Para la metodología de búsqueda se han utilizado palabras claves como deshidratación (dehydration); agua (water); consumo de agua (water intake); hidratación (hydration); diarrea (diarrhea); niños (children); nutrición infantil (child nutrition), hidratación oral (oral hydration); cognición (cognition).
Para la combinación de estos se han utilizado diferentes operadores booleanos “AND”, “Y”, “OR” (“child nutrition” AND “dehydration”), (“water intake” AND “ child ), (“deshidratación” Y “diarrea”), (“dehydration” AND “children”), (“water consumption” AND “children”).
La selección de los distintos artículos se ha llevado a cabo a través de los siguientes criterios de inclusión como; artículos con acceso al texto completo, artículos en inglés o en español y artículos publicados en bases científicas con autoría definida.
Por contra, los criterios de exclusión establecidos son: Artículos cuyo tema difiere de nuestro objetivo de estudio y artículos cuya población diana no sea la infantil.
RESULTADOS
Tras la búsqueda bibliográfica en bases de datos, el número total de artículos obtenidos para nuestra revisión es de 14.477. De los cuales hemos excluido 14.457artículos, por cumplir los criterios de exclusión ya nombrados en la metodología. Finalmente hemos leído y revisado por completo un total de 20 artículos, de los cuales hemos seleccionado como base de nuestra revisión bibliográfica 6 artículos.

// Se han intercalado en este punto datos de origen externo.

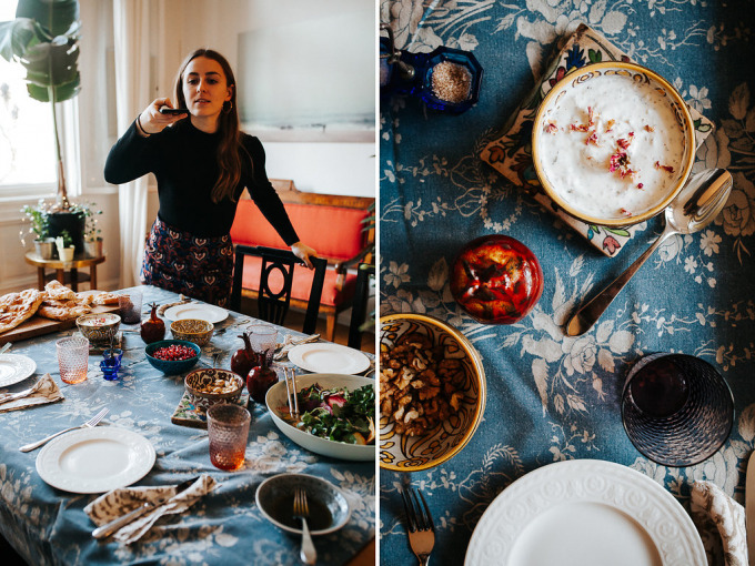 Altbau, Stuck, Parkettboden und orientalische Möbel – so prachtvoll hatten wir es bisher noch nicht, wir waren aber auch noch nie in Charlottenburg. Sophie und Xenia sind die kreativen und fleißigen Köpfe und Hände hinter der fabelhaften (und leider nicht mehr laufenden) Brunch-Reihe Das Brunch und den Persian Feast-Events, die in keinem unserer kulinarischen Guides fehlen duften. Auf die Frage, ob es in Berlin ein gutes persisches Restaurant gibt, gab es von denen beiden ein synchrones "Nein" als Antwort. Vielleicht ändert sich das ja bald.

En el ANEXO 3 encontraremos detalladamente el diagrama de flujo con los criterios de búsqueda llevados a cabo. Además, a partir de la tabla del ANEXO 4 podremos analizar y ver resumidamente los principales hallazgos de las referencias analizadas.
DISCUSIÓN
El artículo de “Ingesta de líquidos a partir de bebidas en niños y adolescentes españoles’’ evalúa la ingesta total de líquidos en edades escolares en España, y determina que más del 80% de los niños no ingerían lo suficiente, basándose en las necesidades adecuadas marcadas por la EFSA (Autoridad Europea de Seguridad Alimentaria). Por otro lado, nuestro segundo artículo seleccionado, “El estado de deshidratación agrava la insuficiencia renal temprana en niños”, también demostró que el consumo de líquidos fue escaso, con una elevada prevalencia de deshidratación. Siendo mayor en los varones, a diferencia del estudio anterior, que no había apenas variabilidad por sexo11,12.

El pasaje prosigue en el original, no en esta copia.